Supplied information »
|---|

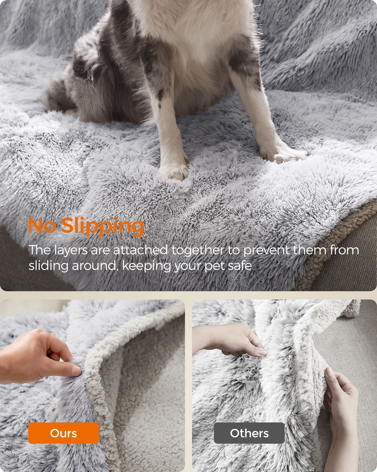 Keep your furniture safe and your pet cozy with the Feandrea Waterproof Dog Blanket. This soft, double-sided Sherpa fleece blanket in a stylish grey ombré design is perfect for miniature dogs and cats. Measuring 73 x 63 cm, it provides a comfortable resting spot and protects sofas and beds from spills and fur.
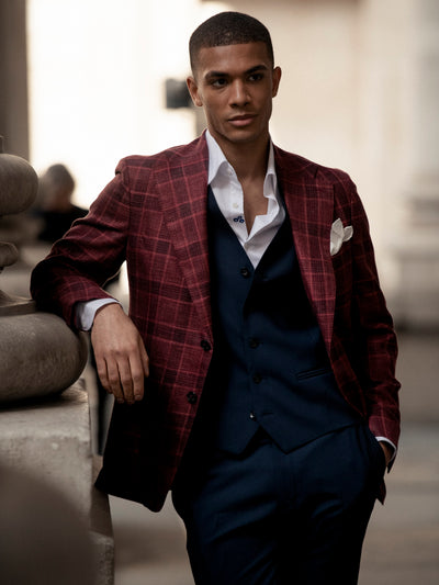 Supletea tesaturii Loro Piana exceleaza prin combinatia de lana virgina, matase si in. Carourile asumate 100% fac din imprimeul ordonat un adevarat statement accentuat de alaturarea cromatica a nuantelor bordeaux si corai.
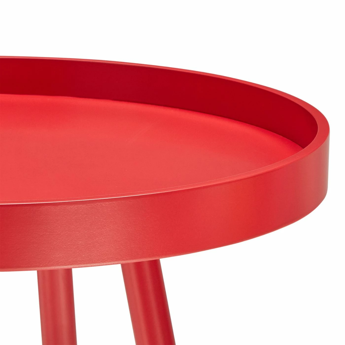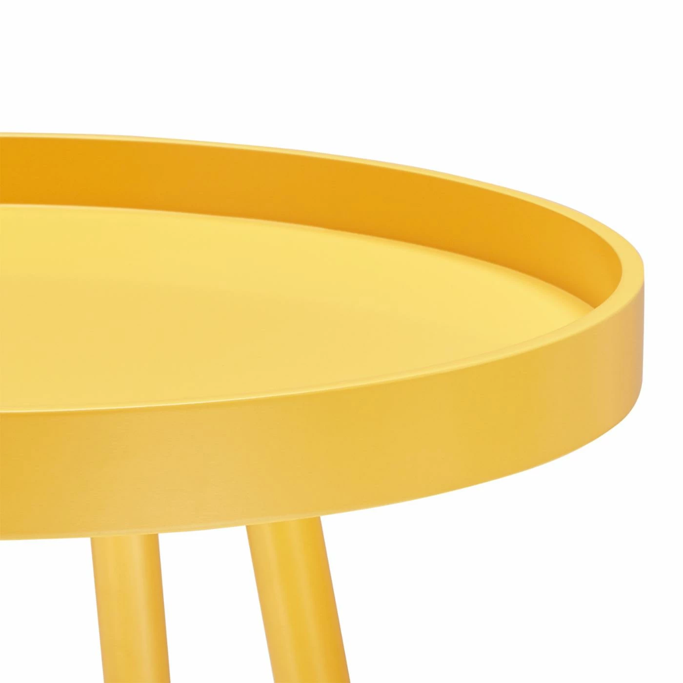 Cleverly add color to any contemporary room with the HN Home Gruen Mid-Century Modern Round Tray End Table. Dapper dowel legs feature unfinished feet for a touch of contrast. The tray top of this round table creates a catchment for books, drinks, a lamp, or display items, allowing you to create a scene that expresses your personal vision.
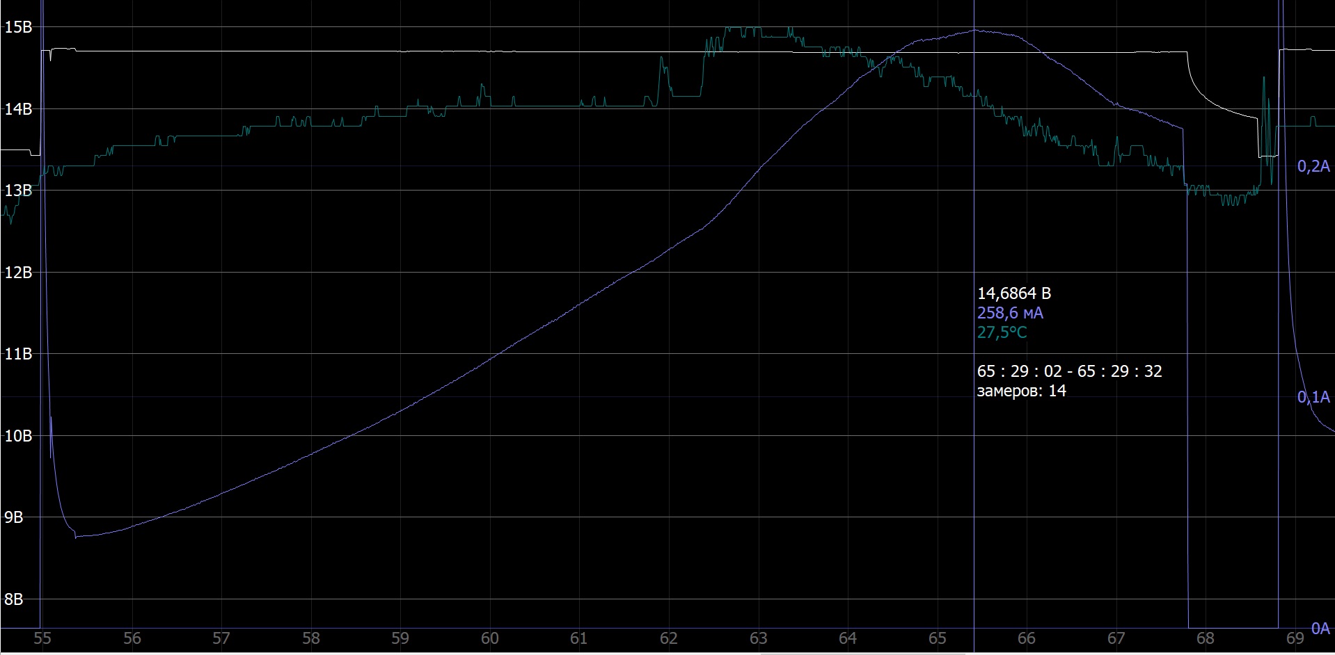 Коллеги, предлагаю посмотреть  реальный график заряда 9Ач AGM батареи:

|---|

Problem description »
Leaving the pictures out, print every line of the listing exactly.

Written reply »
 Keep your furniture safe and your pet cozy with the Feandrea Waterproof Dog Blanket. This soft, double-sided Sherpa fleece blanket in a stylish grey ombré design is perfect for miniature dogs and cats. Measuring 73 x 63 cm, it provides a comfortable resting spot and protects sofas and beds from spills and fur.
 Supletea tesaturii Loro Piana exceleaza prin combinatia de lana virgina, matase si in. Carourile asumate 100% fac din imprimeul ordonat un adevarat statement accentuat de alaturarea cromatica a nuantelor bordeaux si corai.
 Cleverly add color to any contemporary room with the HN Home Gruen Mid-Century Modern Round Tray End Table. Dapper dowel legs feature unfinished feet for a touch of contrast. The tray top of this round table creates a catchment for books, drinks, a lamp, or display items, allowing you to create a scene that expresses your personal vision.
 Коллеги, предлагаю посмотреть  реальный график заряда 9Ач AGM батареи:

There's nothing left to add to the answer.